- Native name: ريمون عيد
- Church: Maronite Church
- Archdiocese: Archeparchy of Damascus
- In office: 5 June 1999 – 25 September 2005
- Predecessor: Antoine Hamid Mourany
- Successor: Samir Nassar

Orders
- Ordination: 30 May 1957
- Consecration: 20 November 1999 by Nasrallah Boutros Sfeir

Personal details
- Born: 6 August 1930 Mazraat el Daher, Mandatory Lebanese Republic, French Empire
- Died: 11 June 2012 (aged 81)

= Raymond Eid =

Raymond Eid (6 August 1930 – 11 June 2012) was the Maronite Catholic Archeparchy of Damascus, Syria.

==Life==

Eid was born in Mazraat el Daher, Lebanon on 6 August 1930. Ordained to the priesthood on 30 May 1957 to the Maronite Catholic Eparchy of Sidon, Eid was elected Archbishop of the Maronite Catholic Archeparchy of Damascus on 5 June 1999 by the Maronite Synod.

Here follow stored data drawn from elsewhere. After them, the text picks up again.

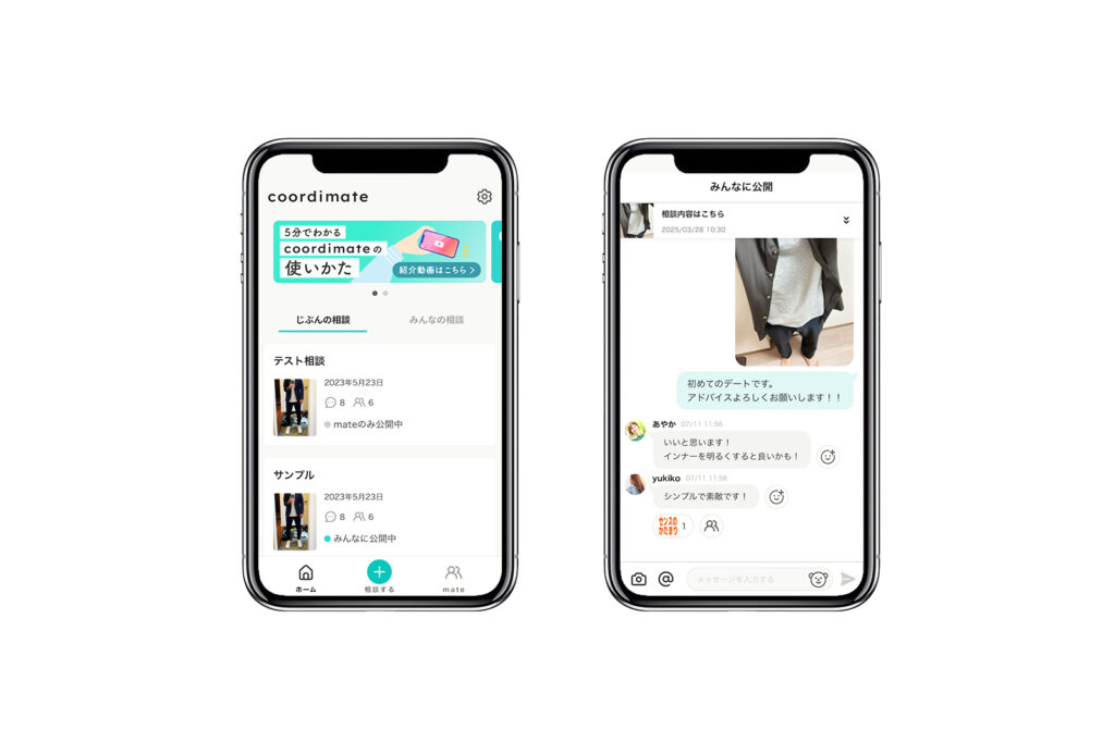 「coordimate」は「この服アリ?ナシ?」のリアルな声がサクッと聞けちゃうファッション相談アプリです。相談者は、自身のファッションを「coordimate」に投稿すると、数分で一般女性達(mate)から「アリナシ」のリアクションやアドバイスといったフィードバックをもらえます。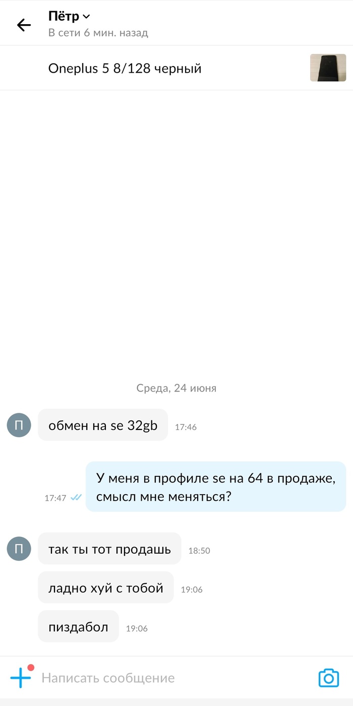 30 vfrcbvx Так ты свой продашь ... 5 лет назад Продаю пару телефонов на Авито, старенький OnePlus 5 и iPhone SE 64Gb (это важно)И вот пишет мне товарищ по объявлению op5что у людей в голове ... Показать полностью 1 [моё] Авито Неадекват Мат Скриншот Ещё 0
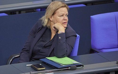 Schüttelt vehement den Kopf: Bundesinnenministerin Nancy Faeser (SPD) wehrt sich im Bundestag gegen die Kritik der Union an ihrem Sicherheitspaket. © Jörg Carstensen/dpa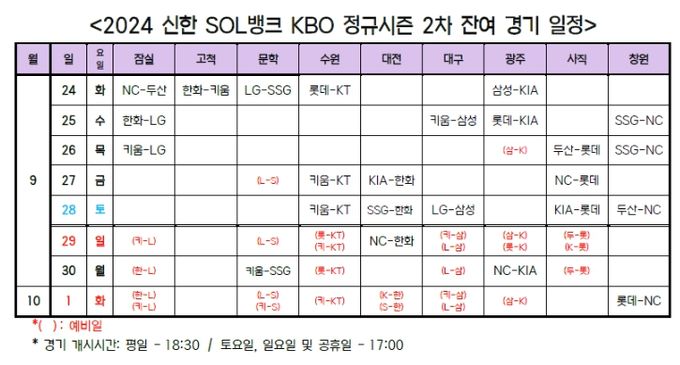 [경남도민뉴스=경남도민뉴스 기자] KBO는 24일(화) 2024 신한 SOL뱅크 KBO 정규시즌 2차 잔여 경기 일정을 확정했다.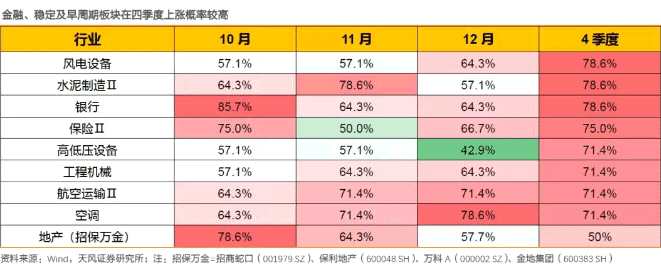 統(tǒng)計(jì)結(jié)果顯示,四季度表現(xiàn)較好的行業(yè)集中、業(yè)績(jī)經(jīng)營(yíng)比較穩(wěn)定及早周期板塊,上漲概率達(dá)到70%以上的行業(yè)包括風(fēng)電設(shè)備、水泥制造、銀行、保險(xiǎn)、高低壓設(shè)備、工程機(jī)械、航空運(yùn)輸、空調(diào)等行業(yè)。
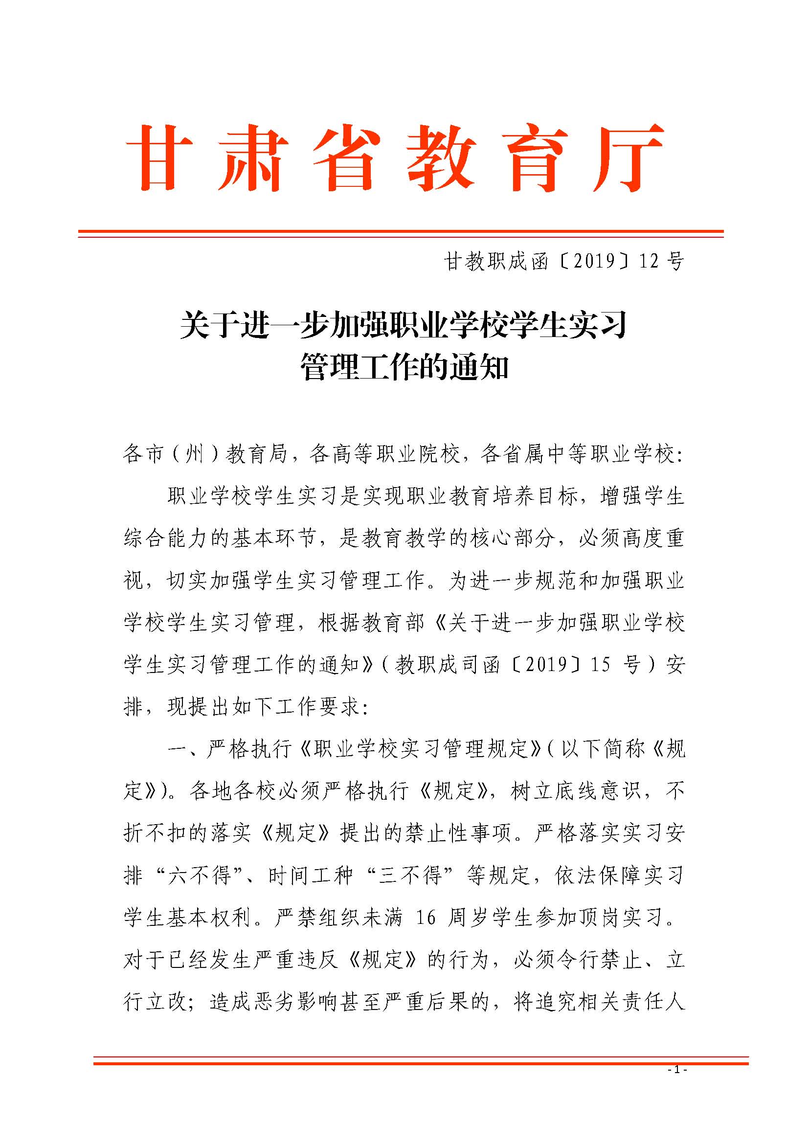 關于進一步加強職業(yè)學校學生實習管理工作的通知
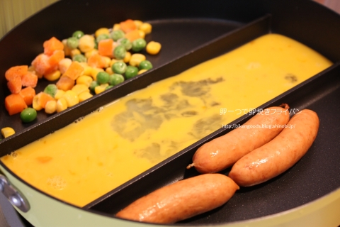 さあ~練習無しのぶっつけ本番で行きますよ!!!今回は朝食セットを作るため、冷凍のミックスベジタブル、ウインナー、卵焼きを一度に作ります!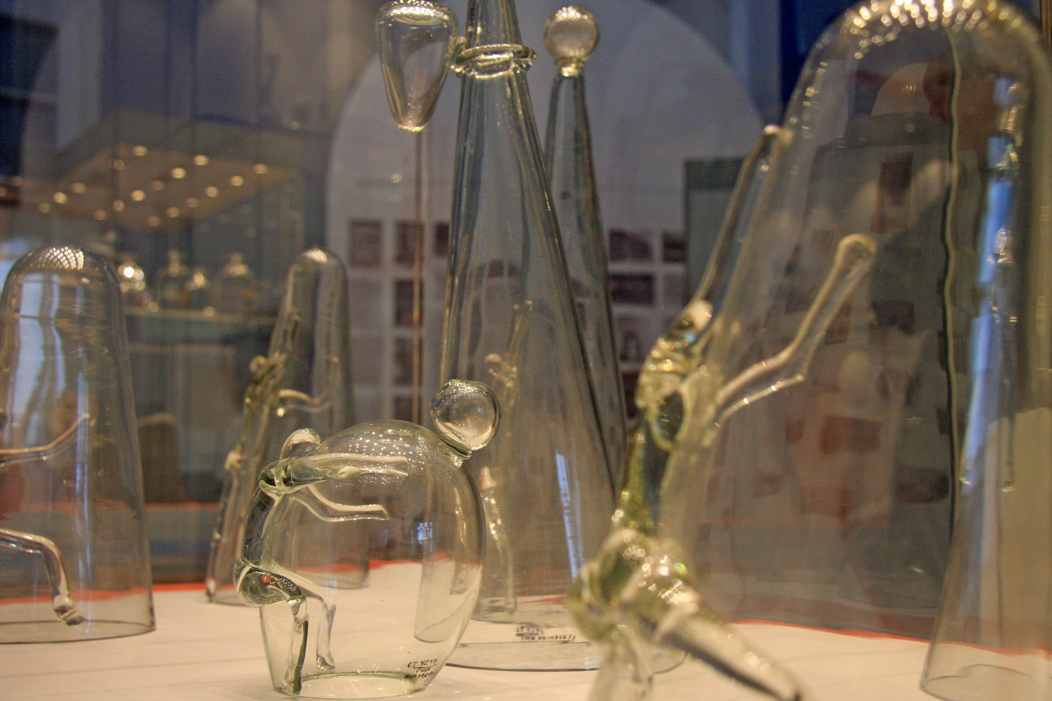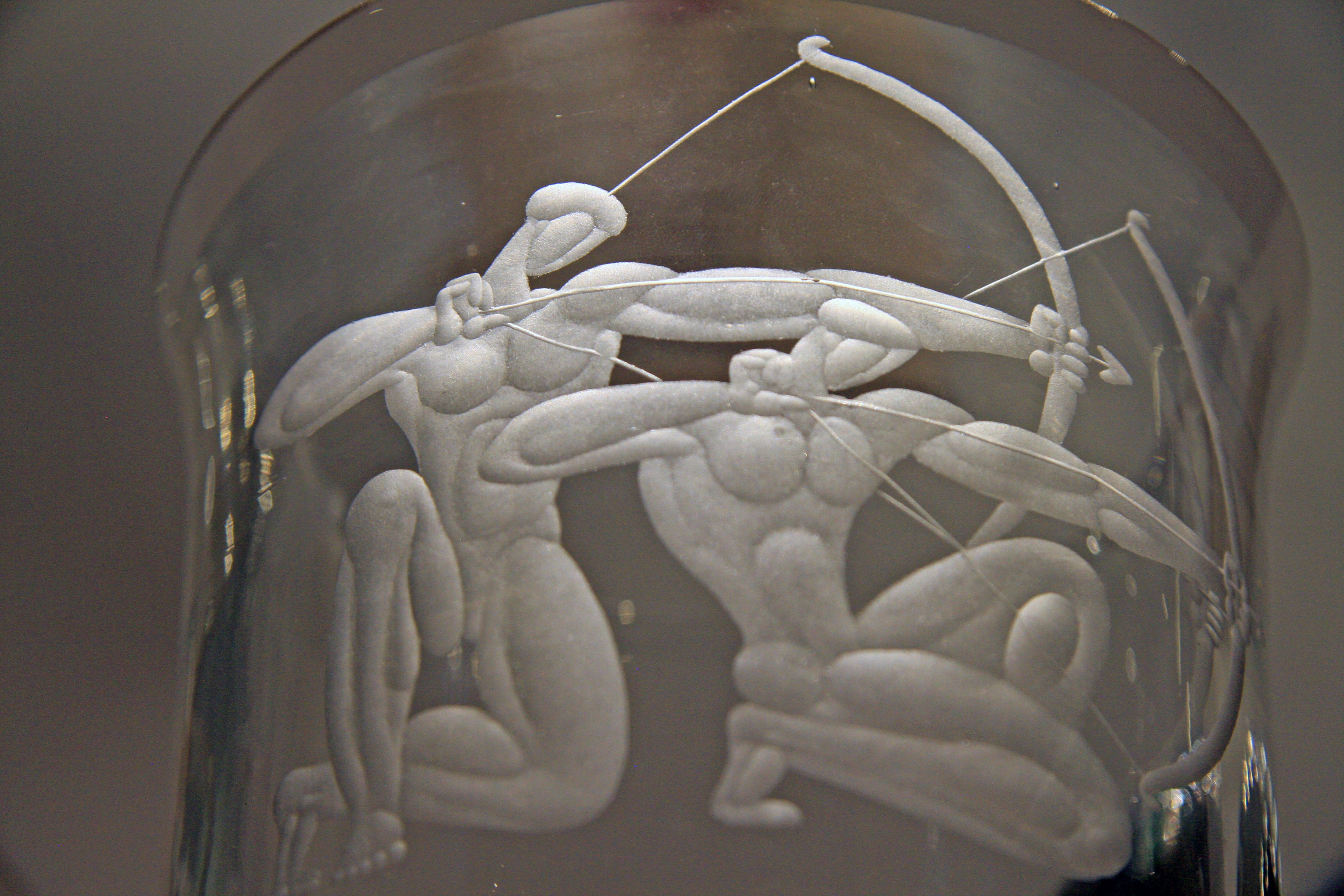 Выдающийся художник-экспериментатор широкого творческого диапазона Борис Смирнов (1903-1986) создал новую эстетику советского авторского стекла в послевоенное время. В качестве ключевой художественной задачи он выделял “тематичность”, стремясь отразить ее в любимом материале совсем иначе, по-новому. Декоративные композиции “Баскетбол” и “Хоккеисты” являются примером того, как сюжетная сцена дробится и возникает на нескольких прозрачных объемах, соединяясь в единый ансамбль. Предметные формы населяются действием за счет лепных или написанных фигур, олицетворяющих театральную сцену.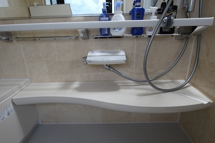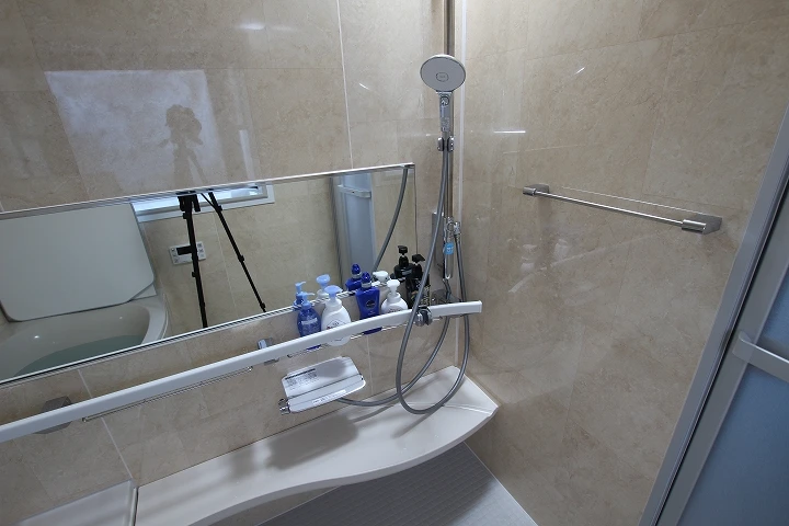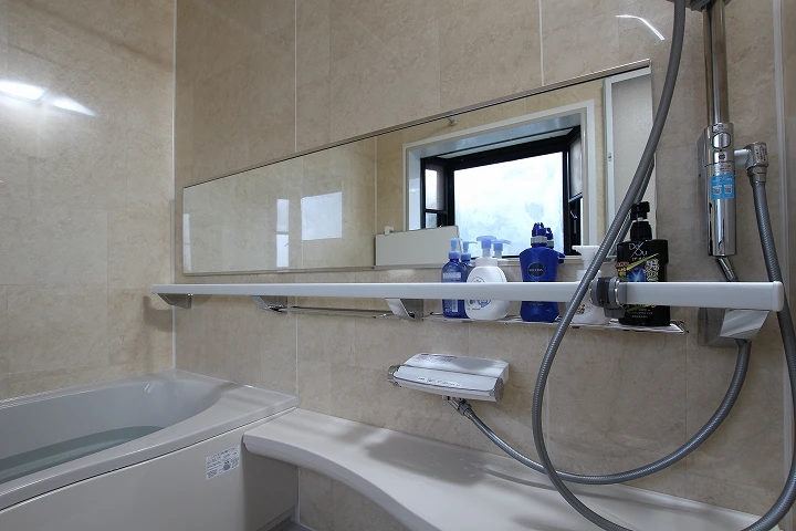 今回、リクシルの戸建て用ユニットバス「アライズ」の中でも最高級のKタイプを提案しました。Kタイプでは、空間を広く見せる横長の鏡や手すりにもなる横長の収納が特長的です。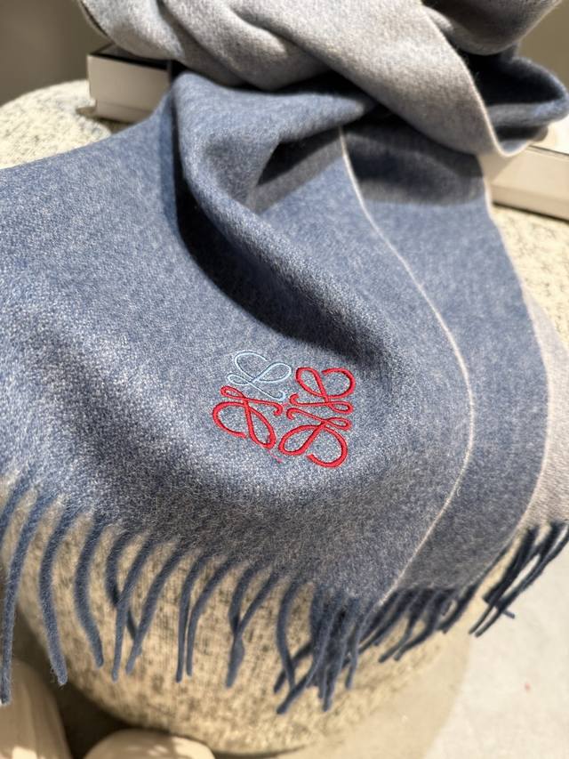 Loewe. Unisex scarf, highly recommended for personal use, a rare high-end men's style! A great gift for family members! A truly exquisite scarf~ I love the fabric, it's incredibly soft, delicate, and comfortable, with a subtle water ripple texture! Stylish and simple, a super handsome color scheme, a style any guy would love. The small logo is a very delicate embellishment, textured yet understated~ The bulk order was shipped several months ago~ Only a few left over for everyone~ A classic men's 30cm wide cashmere scarf! Unisex style, size 35. Total length including tassels: cm. Suitable for both formal and casual wear~ Fold it in half and wear it as a drape or wrap it around your neck, perfectly gentlemanly and stylish~ Warm and sophisticated!

Maronite Patriarch of Antioch, Nasrallah Boutros Sfeir, gave him on 20 November of the same year the Episcopal ordination. His co-consecrators were Tanios El Khoury, Eparch of Sidon, and Emile Eid, vice-president of the commission for the codification of the Eastern Churches' law.

He retired on 25 September 2005. and in 2006 Pope Benedict XVI accepted his age-related withdrawal.